= TASK TO COMPLETE =
Only the lines from the top of the listing below to the line that has "文档的大致意思就是 你可以配" should be echoed, with both ends kept and pictures left out.

= ENTRIES SHOWN =
================================
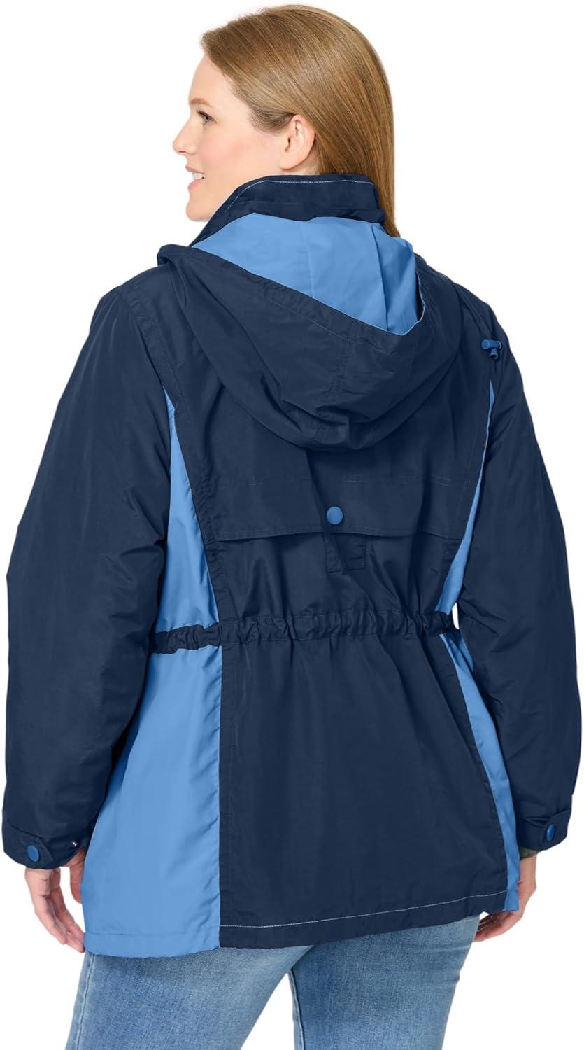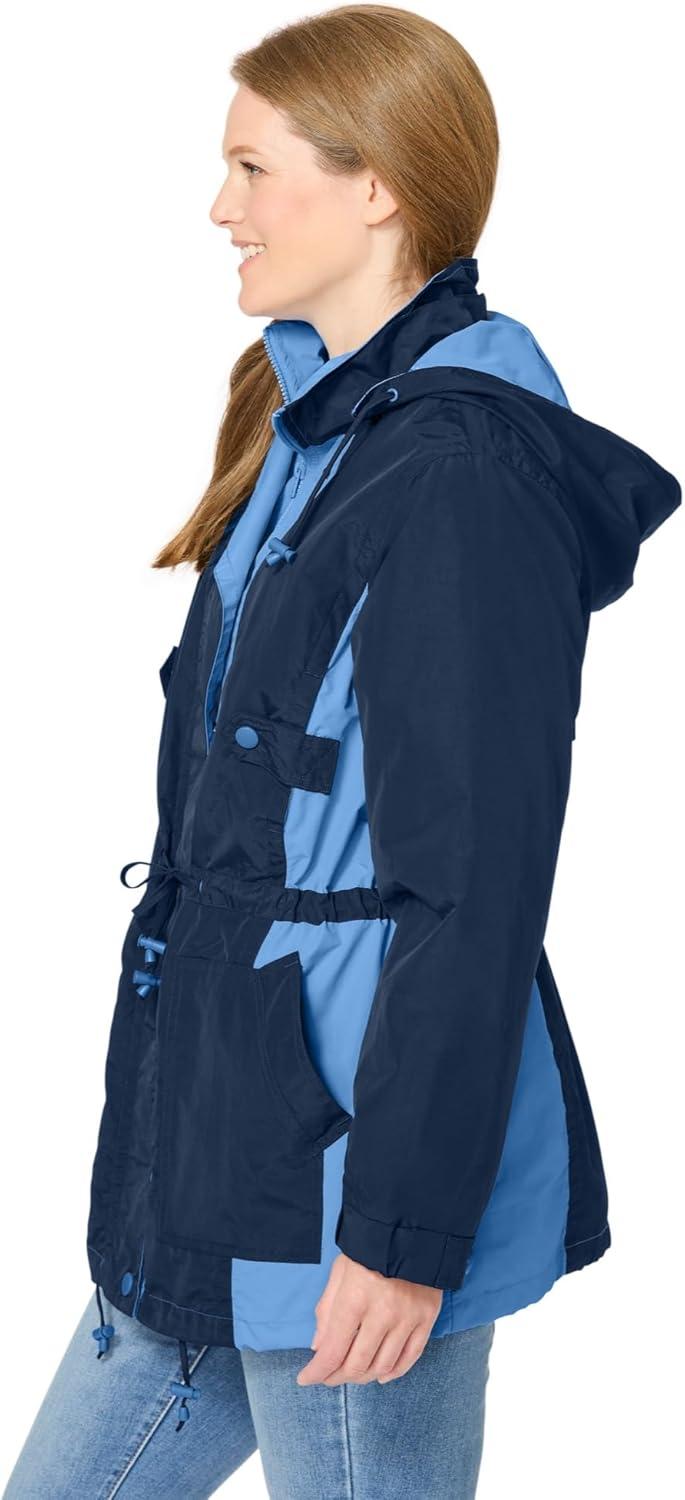 Woman Within Plus Size Colorblocked Taslon Anorak(Navy French Blue)
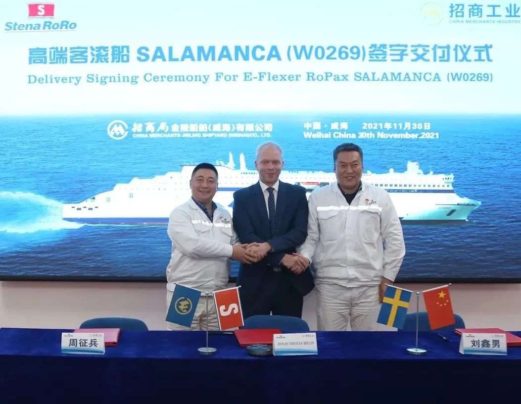 11月30日,威海金陵船廠交付E-Flexer系列首艘雙燃料客滾船SALAMANCA,這是公司交付的第6艘高端客滾船,也是國(guó)內(nèi)首艘EEDI指數(shù)達(dá)到第三階段并實(shí)現(xiàn)按期交付的雙燃料客滾船。
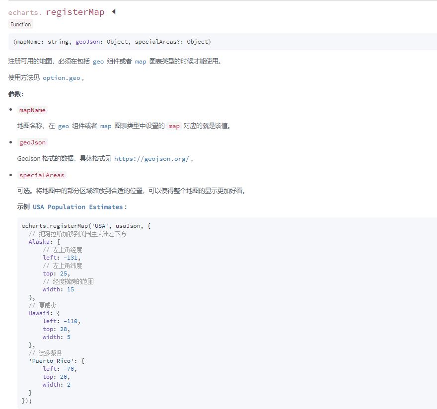 文档的大致意思就是 你可以配置一个geoJson的东西,然后echarts可以解析内部的坐标,然后渲染,支持查找。
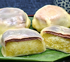 | 内容 | 地元川崎・新丸子の和菓子店「菓心 桔梗屋」の店主・須田義孝さんが坂本九さん生誕80周年記念饅頭を製作。題して「坂本九ちゃん 九里饅頭」。饅頭の餡には坂本九さんが好きだったという栗を練りこみ、甘さも控えめでしっとりまろやかな饅頭を完成させました。坂本九さんの奥様、柏木由紀子さんにもご試食いただき「おいしい!」の評価をいただいております!
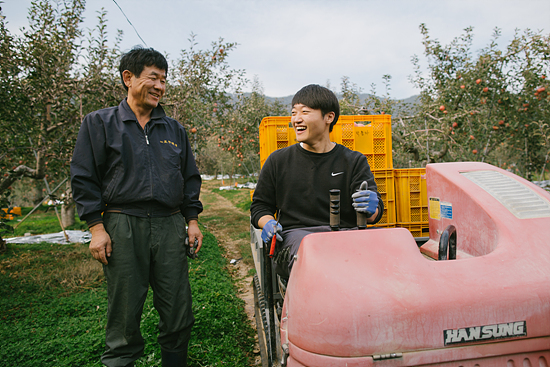 아침저녁으로 쌀쌀해지면서 푸른 산이 울긋불긋한 단풍으로 물들 즈음이면 사과도 알알이 붉은 빛으로 익어간다. 잘 익은 사과는 제때 따서 보관해야 아삭아삭한 맛이 오래가기 때문에 사과밭은 요즘이 농번기다. 사과는 수확 시기에 따라 조생·중생·만생종으로 나뉘는데, 만생종인 부사를 키우는 해맞이농원은 10월 하순부터 11월 초순 열흘 사이에 일제히 수확해야 한다.
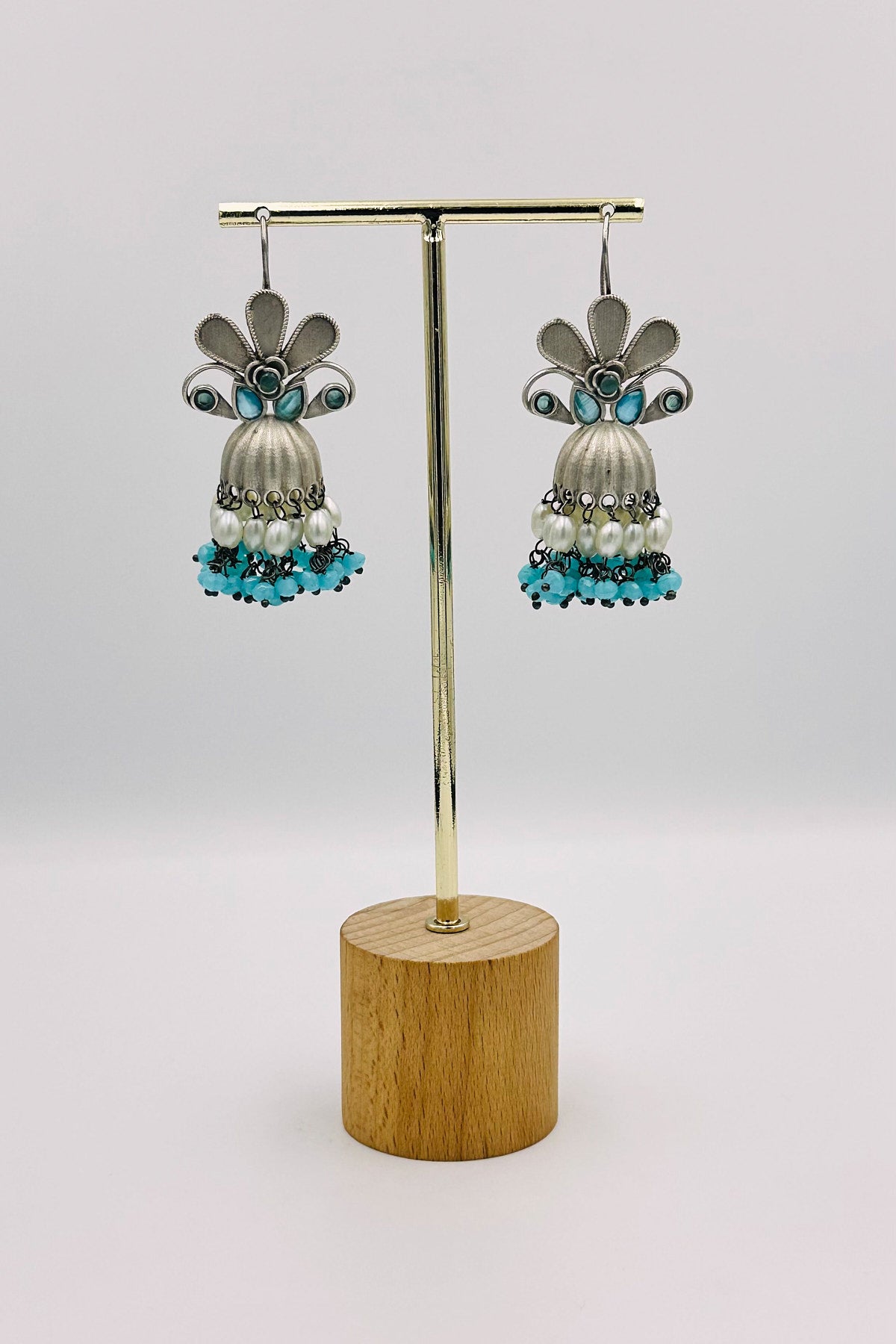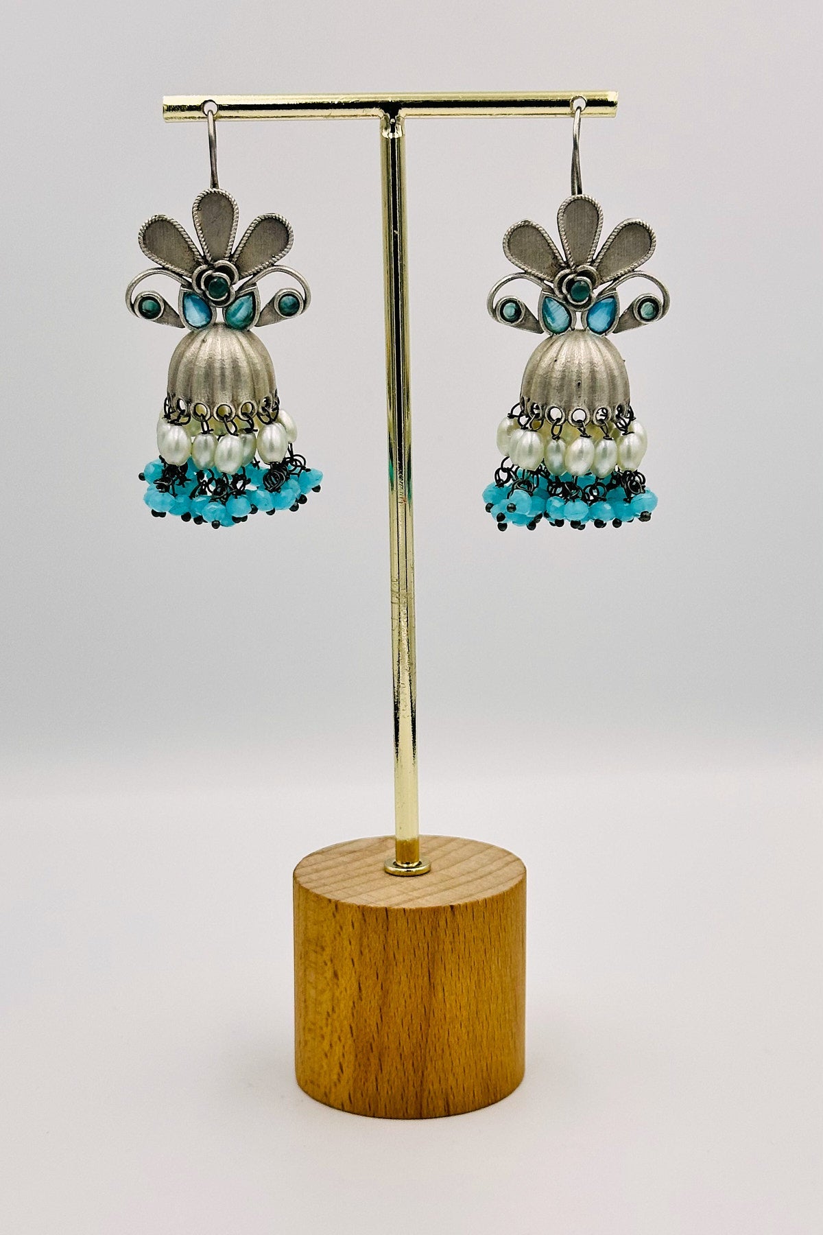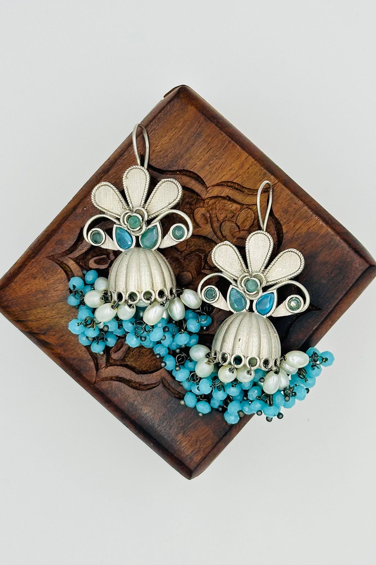 Fluorescent Blue Beads Jhumkas - swadeshsouq.com
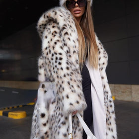 Der Natascha - Mantel im Schneeleoparden-Look vereint Eleganz und Funktionalität und ist der ideale Begleiter für die Winterzeit.
================================
= TASK ANSWER =
 Woman Within Plus Size Colorblocked Taslon Anorak(Navy French Blue)
 11月30日,威海金陵船廠交付E-Flexer系列首艘雙燃料客滾船SALAMANCA,這是公司交付的第6艘高端客滾船,也是國(guó)內(nèi)首艘EEDI指數(shù)達(dá)到第三階段并實(shí)現(xiàn)按期交付的雙燃料客滾船。
 文档的大致意思就是 你可以配置一个geoJson的东西,然后echarts可以解析内部的坐标,然后渲染,支持查找。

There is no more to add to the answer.